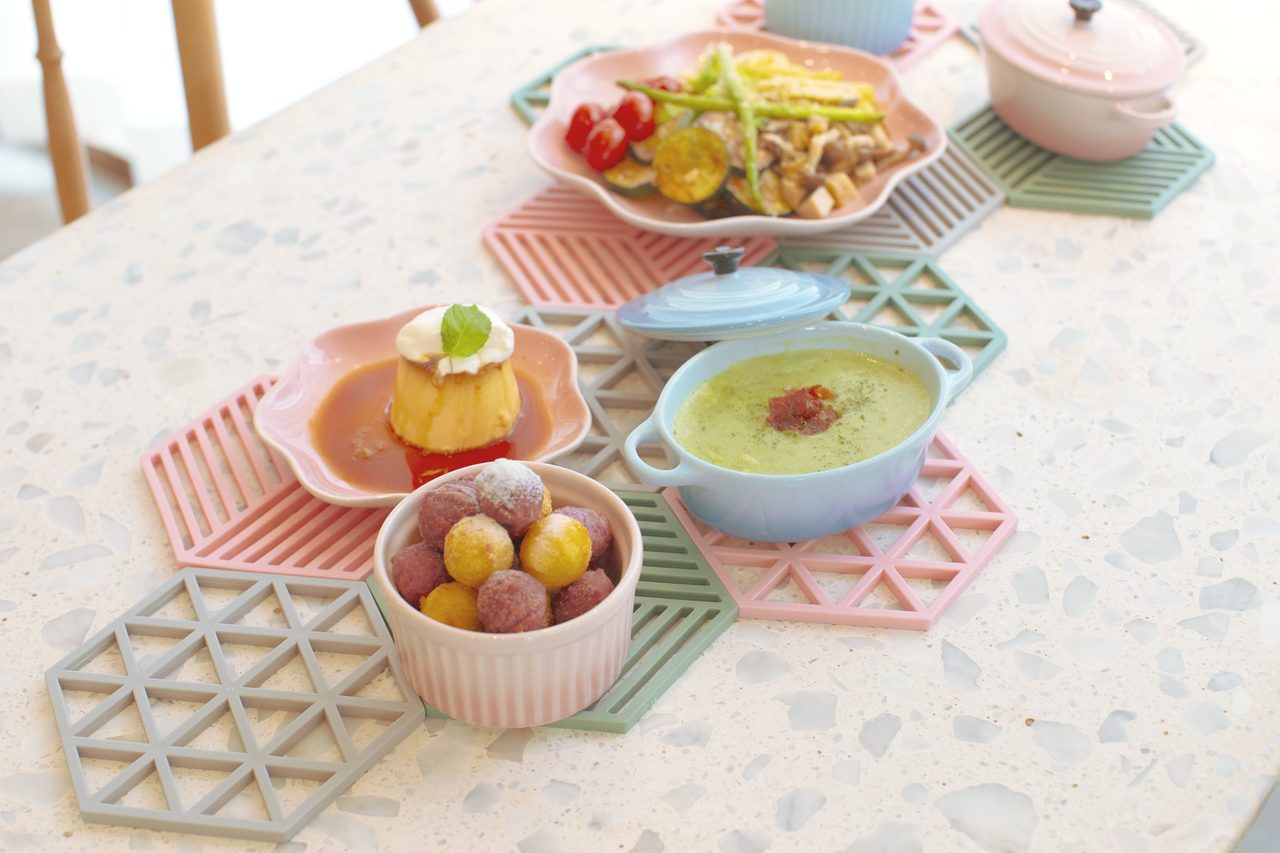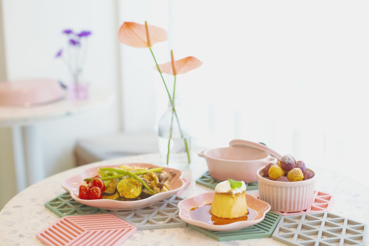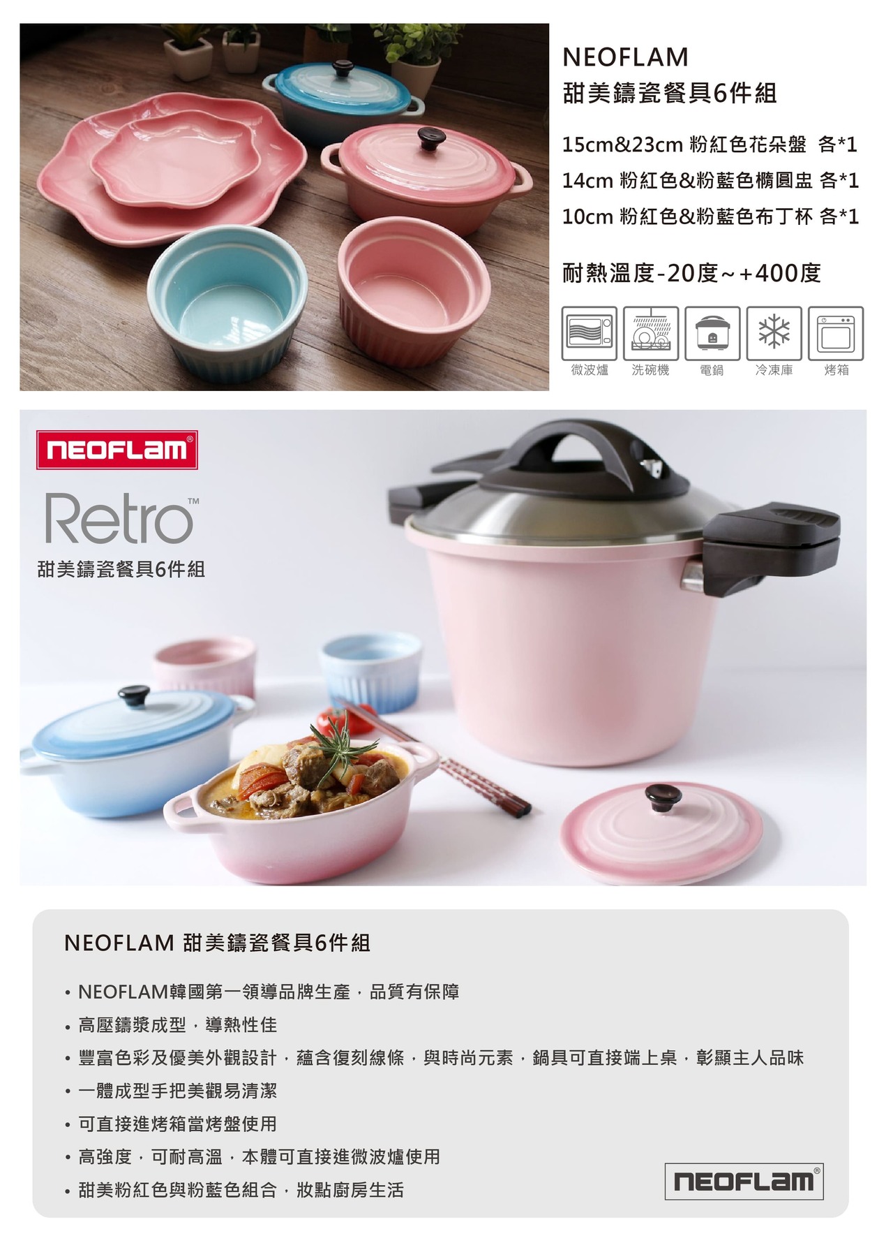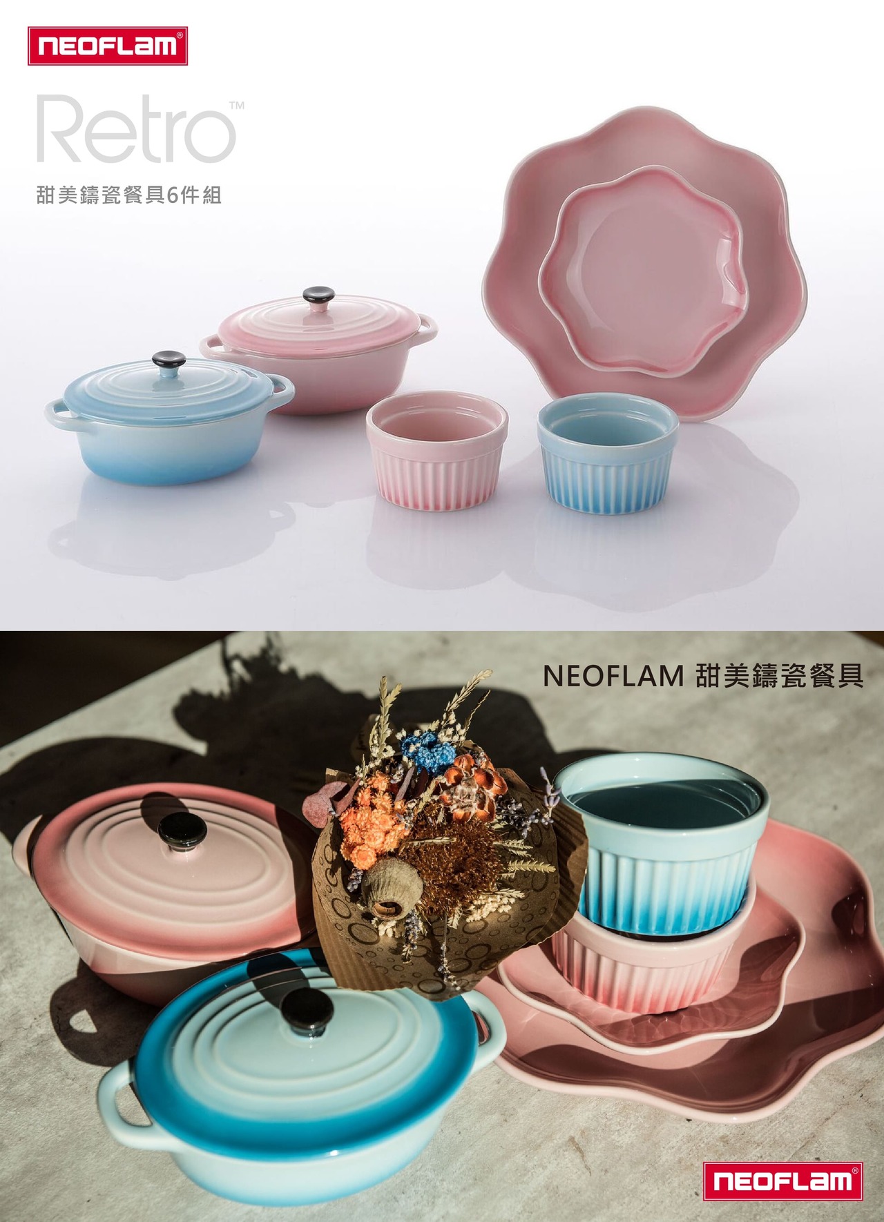內含:【NEOFLAM】甜美鑄瓷餐具6件組+【NEOFLAM】餐盤杯碗器皿防滑保護墊-幾何+線條 (粉紅/綠/灰) 6入組
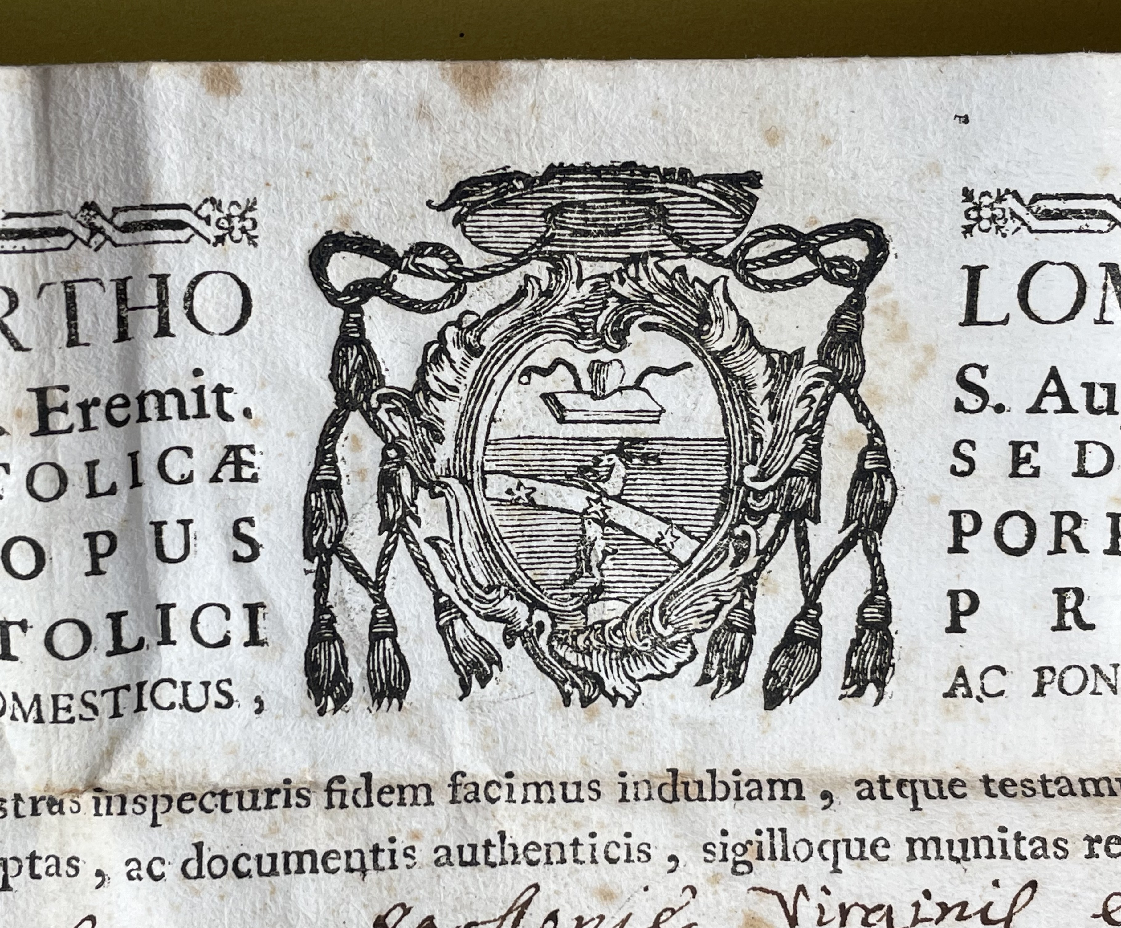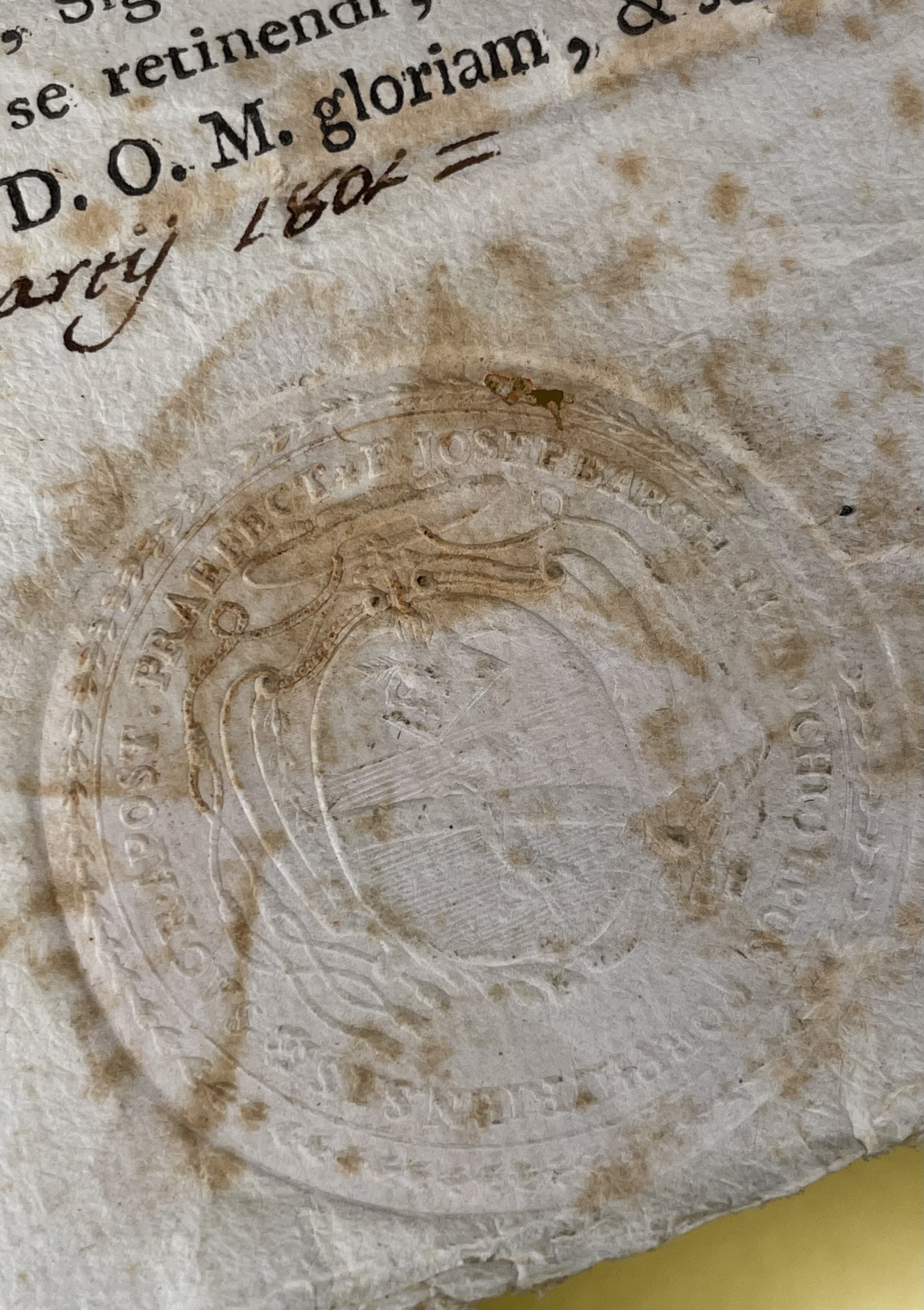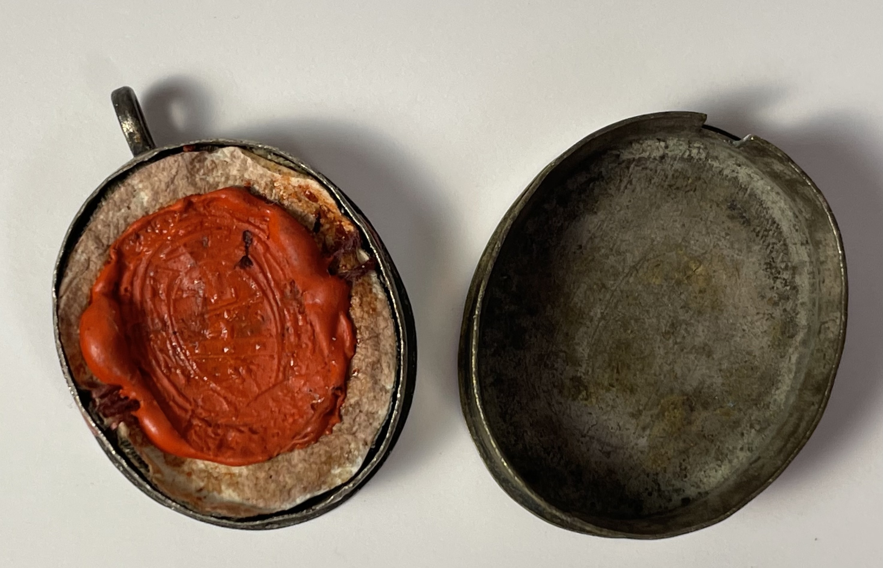 Oval brass glass-fronted reliquary housing the first-class ex ossibus (of the bone) relics of Saint Apollonia. The relic is affixed to the background of red silk ground surrounded by paperolle and silver wire ornamentation and identified in Latin on a typeset cedula label as S. Apolloni / Virg. e Mart. (St. Apollonia, Virgin & Martyr). On the back, the theca is secured with a perfectly preserved seal of red Spanish wax bearing an imprint with a coat of arms of Fr. Giuseppe Bartolomeo Menocchio, O.E.S.A. (1741- 1823), Titular Bishop of Porphyreon and Sacristan of His Holiness Pius VII. The relic is accompanied by the original matching authentics document issued by Fr. Menocchio in 1802.
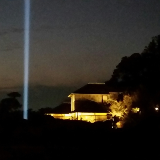 8日(日)までの、 3日間だけのイベントとして、 ライトアップを行いました。 光と音で幻想的な空間が 広がりました。 空へと伸びる光の柱は、 見る価値ありです。
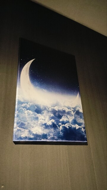 落ち着く個室には青い空と三日月のオブジェ。のんびり、おいしいものを食べ、酒を飲む。
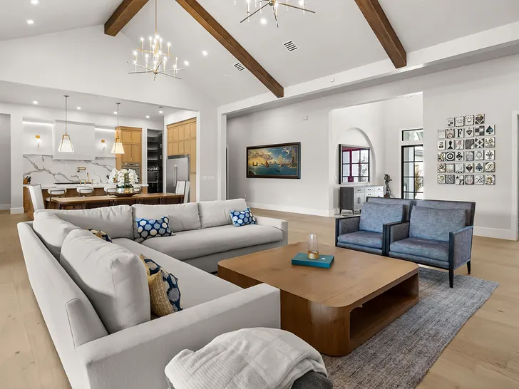 A propriedade de 5.772 pés quadrados está localizada em Gotha, cerca de 18 quilômetros a oeste de Orlando. A arquitetura é incrível… com tetos abobadados, vigas de madeira personalizadas e inside em mármore.
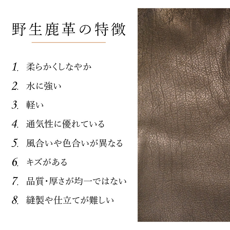 主素材となる鹿革は、南アルプス、八ヶ岳を有する山梨県北杜市の森林で獣害駆除された鹿革をアップサイクルしたアップサイクルレザー。
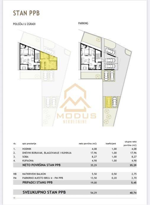 Ukupna površina = 54.29 m2 (obračunski: 40.74 m2)
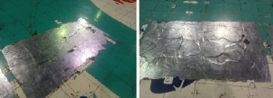 "Situação da quadra do ginásio do Lar Paraná. Está até sem o piso e colocaram essas fitas pratas, pondo em risco as crianças, pois podem cortar".
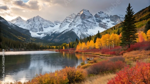 Colorful Autumn Landscape with Snow-Capped Mountains and Lake – Scenic Fall Foliage in Nature

━━━━━━

◆ **WHAT THE TASK ASKS**: Nothing but the lines from the one that contains "主素材となる鹿革は、南アルプ" through the last line of the material should be written out, exactly. Omit pictures.

◆ **SOLUTION FOR THIS PROBLEM**:
 主素材となる鹿革は、南アルプス、八ヶ岳を有する山梨県北杜市の森林で獣害駆除された鹿革をアップサイクルしたアップサイクルレザー。
 Ukupna površina = 54.29 m2 (obračunski: 40.74 m2)
 "Situação da quadra do ginásio do Lar Paraná. Está até sem o piso e colocaram essas fitas pratas, pondo em risco as crianças, pois podem cortar".
 Colorful Autumn Landscape with Snow-Capped Mountains and Lake – Scenic Fall Foliage in Nature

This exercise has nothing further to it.